The Handsome & Co Educational Taster: Patterns of Delight
Formed things and thoughts live a life of their own, they radiate meaning… Learning to form makes us understand all forming.
– Anni Albers
Six-step cane weaving is a deceptively difficult task. Fortunately, it can be as informative as it is frustrating. It is a traditional weaving method using the ‘skin’ of the rattan cane. Weaving the strands together creates a strong flexible surface. It is light, breathable and replaceable which makes it ideal for chair seats and backs. The origins of the craft are vast, venturing from ancient Chinese window lattice designs to the mass produced Thonet café chairs of the 1850’s.

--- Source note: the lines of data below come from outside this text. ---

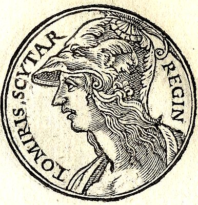 Tomyris was a queen who reigned over the Massagetae, an Iranic people of Central Asia east of the Caspian Sea, at approximately 530 B.C.
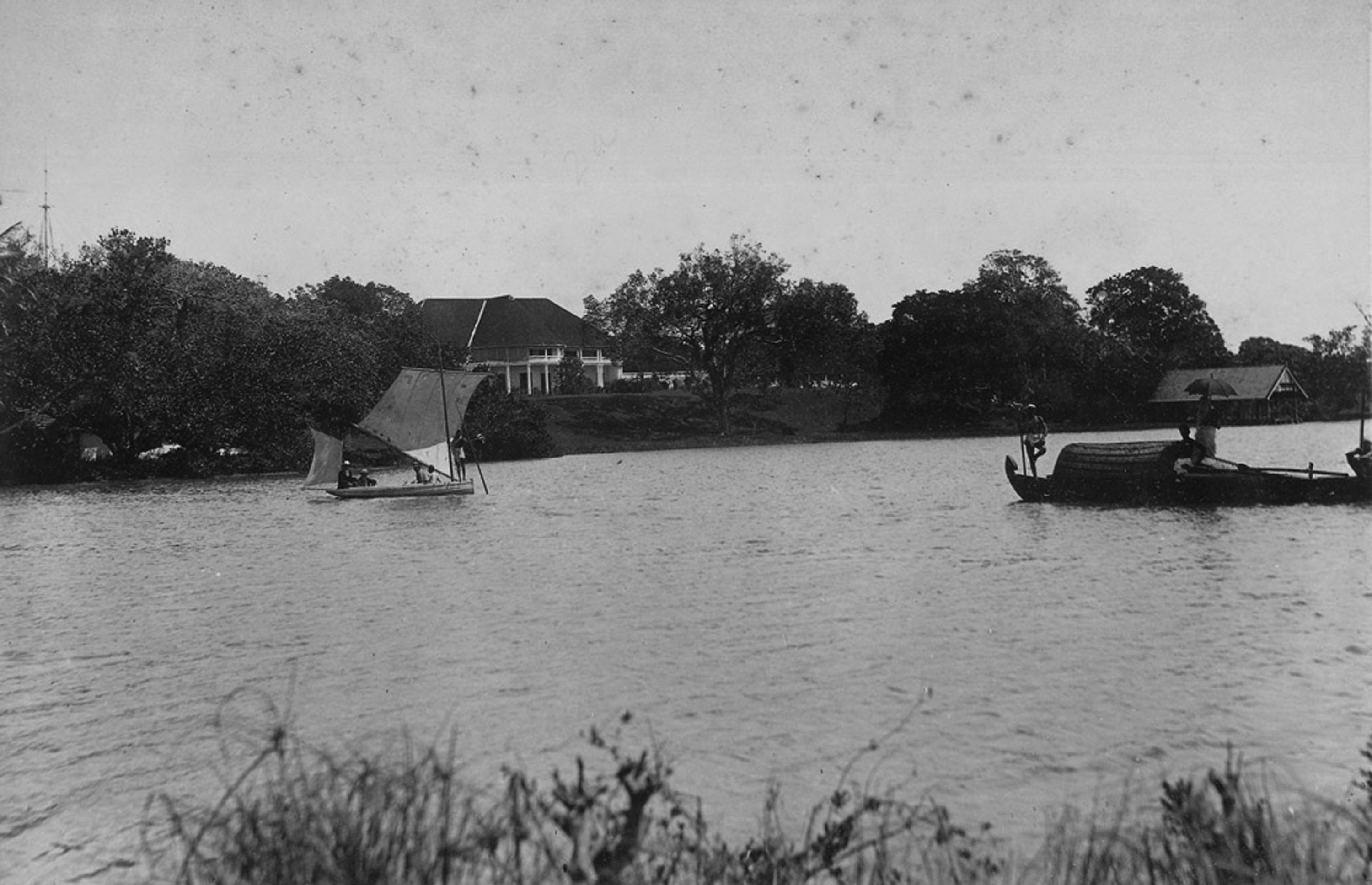 View of the British Residency from the opposite bank of a river with local craft seen on the water, from the Kitchener of Khartoum Collection: Miscellaneous views in India, taken in the early 1900s. Quilon (now known as Kollam), the erstwhile capital of Travancore is one of the oldest towns on the Malabar coast. Quilon's natural position made it one of the greatest ports of trade from ancient days. In 1503 the Portuguese established a factory and fort here which were subsequently captured by the Dutch in 1653. It was besieged by Travancore in the 18th century and in the early 19th century British forces were garrisoned here and the town and port continued to develop. Till 1829, Quilon was the capital of the Travancore State with the headquarters of the British Residency situated here. This image falls into the public domain as it was taken in India prior to 1 January 1951, and was not published in India after that date. It is in public domain in the United States as well as it was taken prior to 1 January 1951.
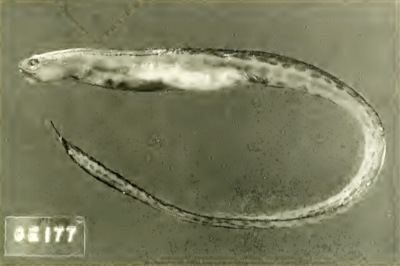 Holotype of Pholidichthys anguis

Given the time it takes to create the weave by hand, one is free to sit and overthink the philosophy which has shaped it. For me, the six-step cane weave communicates the relationship between the whole and the part, embodying the principles of growth in an ecological sense. This can be understood as study of ‘relationships’ – as response to a kind of ‘causal pattern’. As we weave, the relationship at play is between the idea and the contexture – understood as the nature of the weave and how it comes together. It can take some time, but understanding the whole (the pattern) reveals where the divisions naturally occur.
I would describe this as truly organic because it imitates nature in its mode of operation. There is a fundamental difference between unity – of a hierarchical order, and uniformity – an endless repetition; for nature abhors uniformity and loves unity. Once the weave is complete, we have achieved unity – now, the whole is greater than the sum of its parts.